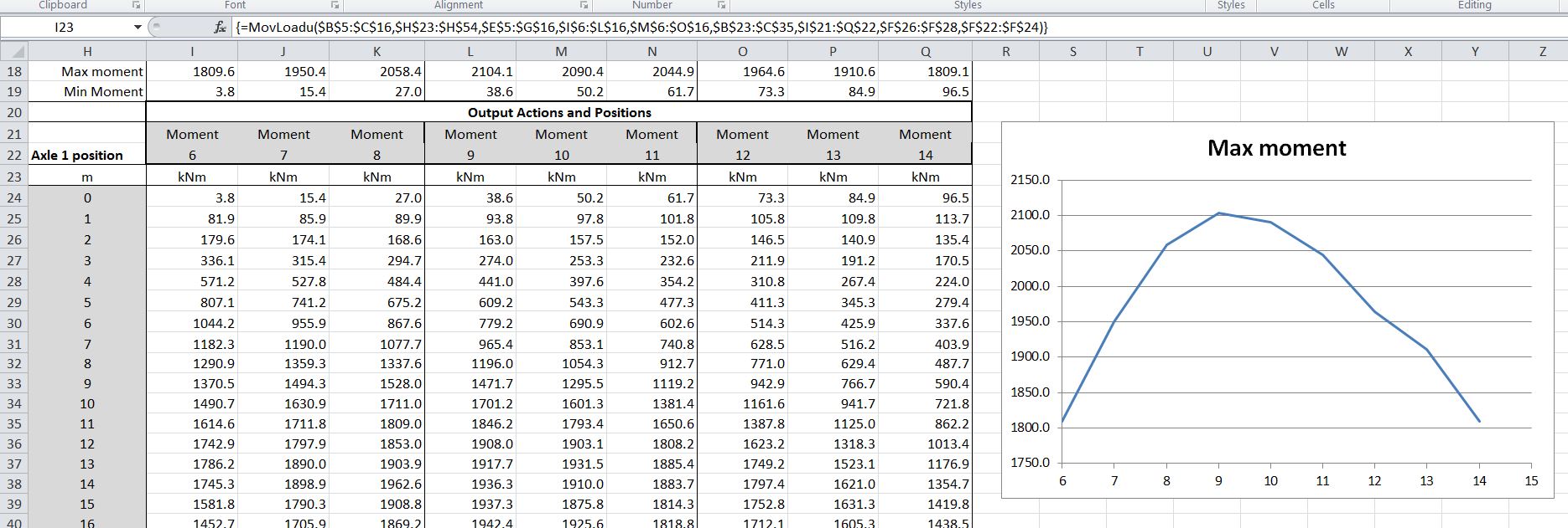 • For each point where the effect of the moving load is to be analysed, enter in a 2 row range the output required (one of “moment”, “shear”, “slope” or “deflection”), and the position of the point, as shown in cells I21:Q22 in the screen shot below.
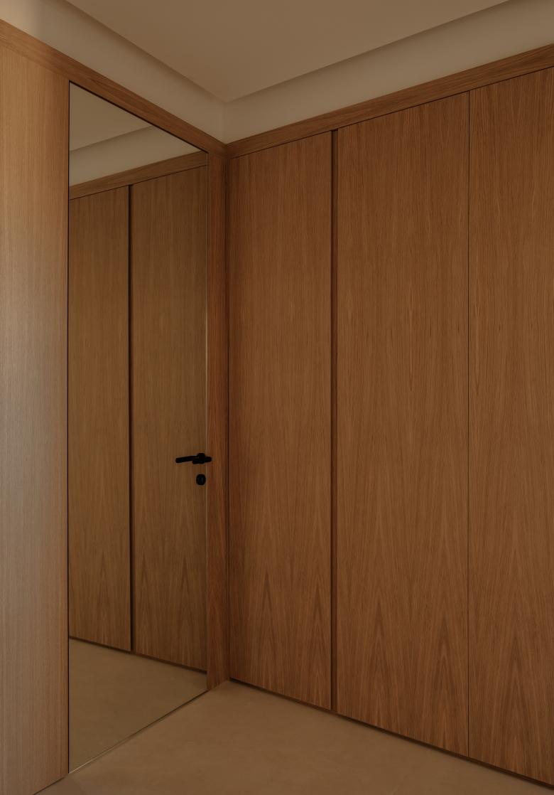 A completamento del living, un arredo su disegno in legno di rovere, composto da un elemento basso contenitivo e da una libreria sospesa, diventa il fulcro visivo e funzionale dell’ambiente, espressione del desiderio del committente di coniugare calore materico e ordine formale.
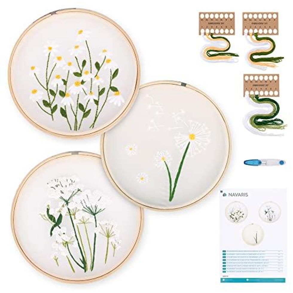 This flower embroidery kit for beginners is becoming super popular because of its transparent background. Moving away from the traditional white backdrop that we know so well, it's something new and fresh to create a unique crafting project. There are three full kits included with everything that you need to complete an individual design. You can display the three together, or individually around the home.

Exercise brief
Omit every picture while copying the listing above exactly.

Expected output
 • For each point where the effect of the moving load is to be analysed, enter in a 2 row range the output required (one of “moment”, “shear”, “slope” or “deflection”), and the position of the point, as shown in cells I21:Q22 in the screen shot below.
 A completamento del living, un arredo su disegno in legno di rovere, composto da un elemento basso contenitivo e da una libreria sospesa, diventa il fulcro visivo e funzionale dell’ambiente, espressione del desiderio del committente di coniugare calore materico e ordine formale.
 This flower embroidery kit for beginners is becoming super popular because of its transparent background. Moving away from the traditional white backdrop that we know so well, it's something new and fresh to create a unique crafting project. There are three full kits included with everything that you need to complete an individual design. You can display the three together, or individually around the home.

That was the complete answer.